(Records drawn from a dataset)
"""

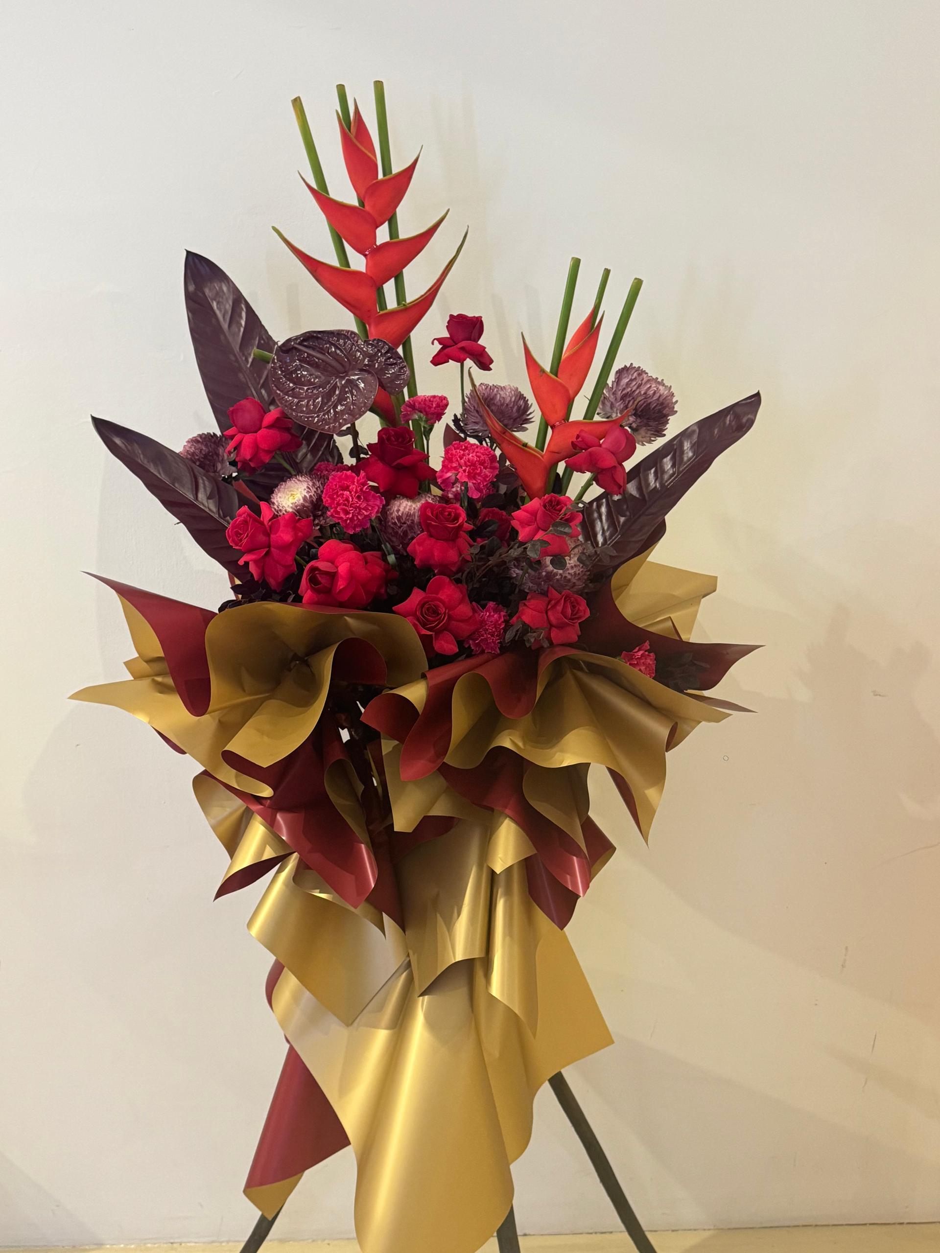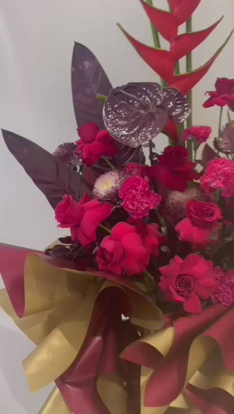 • Featuring red roses, heliconia, anthurium and mixed seasonal blooms — bold, sculptural and full of presence.
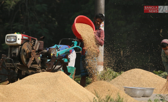 ধান মাড়াই শেষে ঝাড়ার কাজে ব্যস্ত কৃষক। বরিশাল সদর উপজেলার লাকুটিয়া থেকে ছবি তুলেছেন এন আমিন রাসেল।
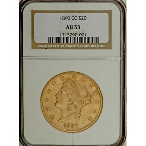 <B>1890-CC $20 AU53 NGC.</B></I> Some luster is still seen in the protected areas and the surfaces are shaded a pleasing rose-gold color. A popular and affordable Carson City double eagle with a relatively low mintage of 91,209.<BR><BR><B>Coin Engraver:</B> James B. Longacre<BR><BR><b>Shipping:</b> Coins & Currency (<a target="_blank" href="http://www.heritageauctions.com/common/shipping.php">view shipping information</a>)
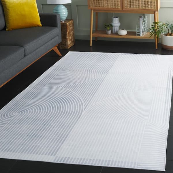 Malibu Gray/Light Gray 6 ft. x 6 ft. Machine Washable Striped Modern Square Area Rug
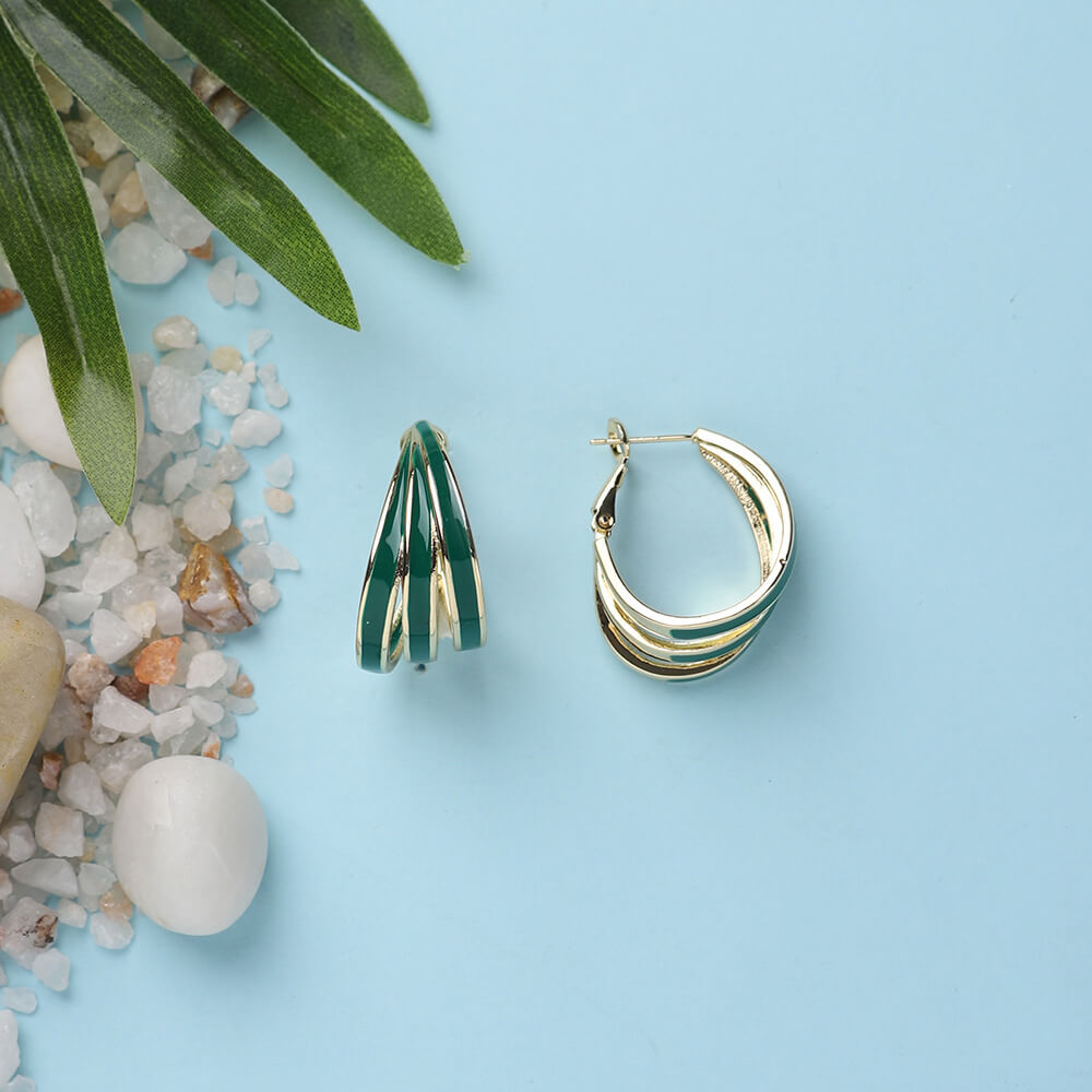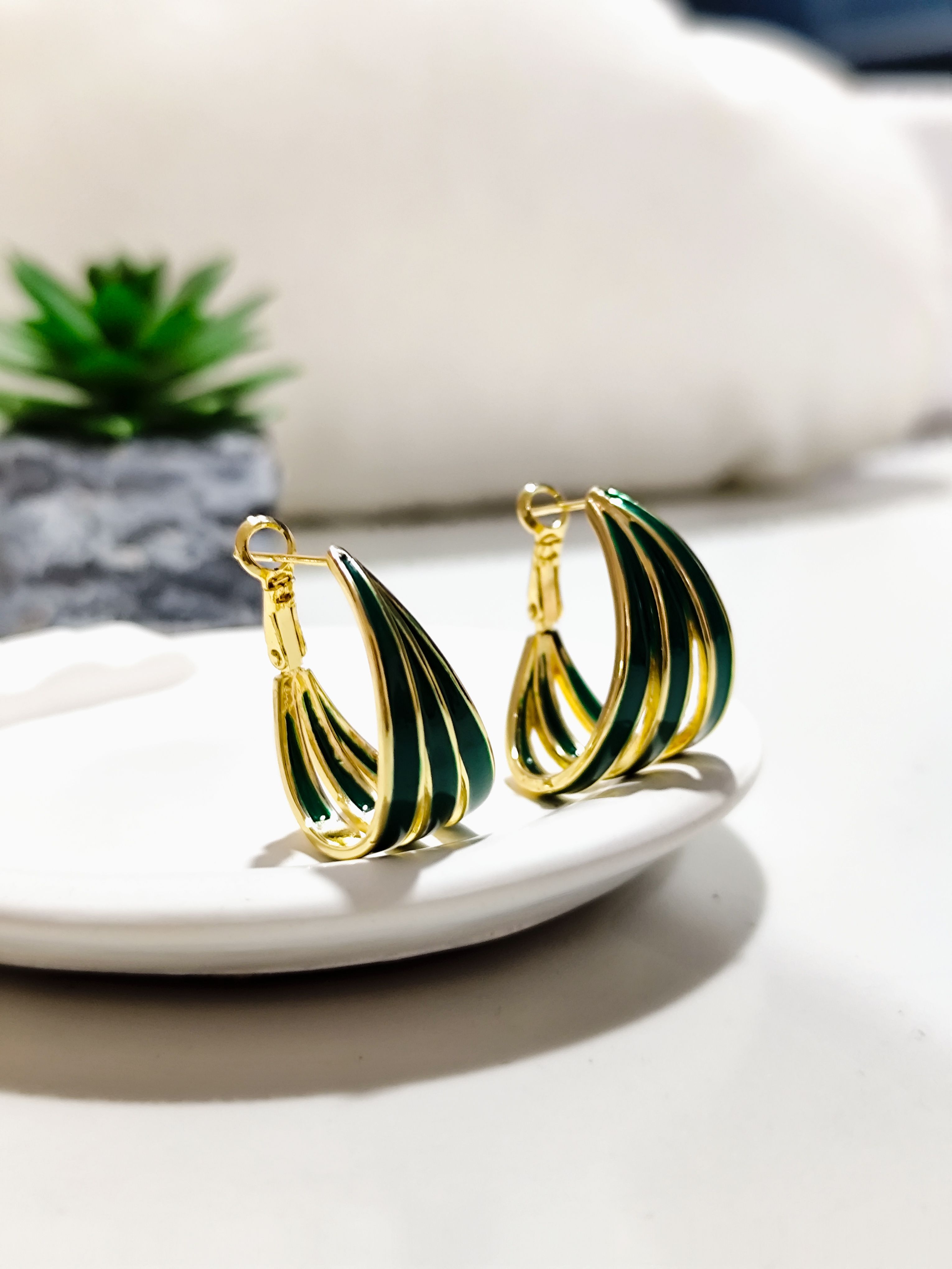These stunning green enamel hoop earrings combine rich colour with a gold-tone finish for a bold yet elegant look. Their curved layered design adds dimension while staying lightweight and comfortable. A statement piece that instantly elevates simple outfits.

"""

- WHAT TO PRODUCE:
Produce the entries again, word for word, without any of their pictures.

- RESULT FOR THIS EXERCISE:
 • Featuring red roses, heliconia, anthurium and mixed seasonal blooms — bold, sculptural and full of presence.
 ধান মাড়াই শেষে ঝাড়ার কাজে ব্যস্ত কৃষক। বরিশাল সদর উপজেলার লাকুটিয়া থেকে ছবি তুলেছেন এন আমিন রাসেল।
 <B>1890-CC $20 AU53 NGC.</B></I> Some luster is still seen in the protected areas and the surfaces are shaded a pleasing rose-gold color. A popular and affordable Carson City double eagle with a relatively low mintage of 91,209.<BR><BR><B>Coin Engraver:</B> James B. Longacre<BR><BR><b>Shipping:</b> Coins & Currency (<a target="_blank" href="http://www.heritageauctions.com/common/shipping.php">view shipping information</a>)
 Malibu Gray/Light Gray 6 ft. x 6 ft. Machine Washable Striped Modern Square Area Rug
These stunning green enamel hoop earrings combine rich colour with a gold-tone finish for a bold yet elegant look. Their curved layered design adds dimension while staying lightweight and comfortable. A statement piece that instantly elevates simple outfits.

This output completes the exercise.